By Elaine Galloway, Painted Hall Ceiling Tour guide

2 March 2018

According to Dr Johnson the Royal Hospital for Seamen was ‘too magnificent for a place of charity’. I often wonder what the early Greenwich Pensioners thought of their surroundings? It's hard to picture the day-to-day existence of the first retired and injured sailors to arrive. Despite the grandiose architecture, much of the Hospital complex was still a building site.

One sailor whose life provides some clues is John Worley, Thornhill's model for the personification of Winter on the lower hall ceiling. Worley was one of eight men who were admitted on 29 January 1705, following the initial 46 who had arrived nine days earlier. By 1708 there were 300 seamen in residence. The Hospital provided these men, who would otherwise have been destitute, with plentiful (if sometimes poor quality) food, clothes and shelter. There was no flogging, as in the Navy, and conditions were better than other forms of poor relief.

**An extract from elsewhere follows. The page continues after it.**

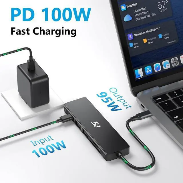 High-Speed Data Transfer & Charging: Transfer files in a flash. Connect external hard drives, thumb drives, and other peripherals with the USB 3.0 port, achieving data transfer speeds of up to 5 Gbps. Simultaneously, the 100W Power Delivery pass-through charging port powers up your host laptop quickly and efficiently, all through the usb c hub. Ensure your laptop' s USB-C port supports PD protocol and use a 65W+ charger for best performance.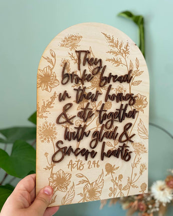 Decorate your home with our They Broke bread in their homes & ate together with glad & sincere hearts - Acts 2:46 wooden signs, perfect for adding to your wall or mantle piece.

Rules and punishments had, however, been steadily introduced. To modern eyes it might sound more like an open prison than a retirement home. Typical ‘complaints’ brought before the Council were drunkenness, swearing, not attending twice daily prayers and mutinous behaviour, i.e. complaining about the food. Punishments included losing a day's meals, wearing the badge for drunkenness, ‘wearing’ the broom and shovel, being forbidden to leave the Hospital and standing on an elevated place during meal times. I wonder exactly what and where the ‘elevated place’ was? Not in the Painted Hall itself because Thornhill was already busy painting in there.

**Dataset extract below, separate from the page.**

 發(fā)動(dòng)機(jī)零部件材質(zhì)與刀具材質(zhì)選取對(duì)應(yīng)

John Worley represents the season of Winter on the ceiling of the Painted Hall, Thornhill shows him warming his hand over a fire

Worley himself crops up in the Council minutes on at least nine occasions, usually for drunkenness and swearing. On 2 March 1708 he ‘was very drunk in his ward last night abusing his ward fellows & cursing & swearing saying that he was a better man than any in the house.’ Was Worley already something of a ‘celeb’ on the strength of his patriarchal appearance and exceptionally long service at sea, reputedly seventy years? Born in Haverfordwest, Wales, it is thought he began his working life in the coal trade before serving in the Royal Navy.

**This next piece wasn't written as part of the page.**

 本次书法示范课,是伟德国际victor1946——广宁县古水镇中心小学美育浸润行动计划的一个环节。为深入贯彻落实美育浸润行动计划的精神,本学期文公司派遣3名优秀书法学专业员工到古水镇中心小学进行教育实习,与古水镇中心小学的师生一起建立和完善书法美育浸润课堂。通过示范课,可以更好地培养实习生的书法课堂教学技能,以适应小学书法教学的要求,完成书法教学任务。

John Worley, mezzotint published by John Faber Sr, 1709, NPG D4919, © National Portrait Gallery, London

A mezzotint of Worley ‘done from ye Life and Sold by Jn Faber near ye Savoy in ye Strand 1709’  was on sale before Thornhill finished the Painted Hall ceiling. Did Worley get a bit above himself with all this attention? It's a nice thought that by modeling for Thornhill he ended up in a permanently ‘elevated place in the hall’.

In this extract from the Hospital minutes Worley is accused of complaining about his ‘piece of beef without any just cause the meal being at the same time very good and sufficient for which the Council thought fit to order that he lose two days meals and be exposed on the elevated place in the hall…’, The National Archives, ADM67/120f123

A sketch and an oil portrait of Worley, both by James Thornhill, are now in the collection of the National Maritime Museum. The oil portrait is currently on display in the Queen’s House. Despite his heavy drinking and frequent punishment, Worley lived to an exceptional age. He died in 1721 aged ninety-six.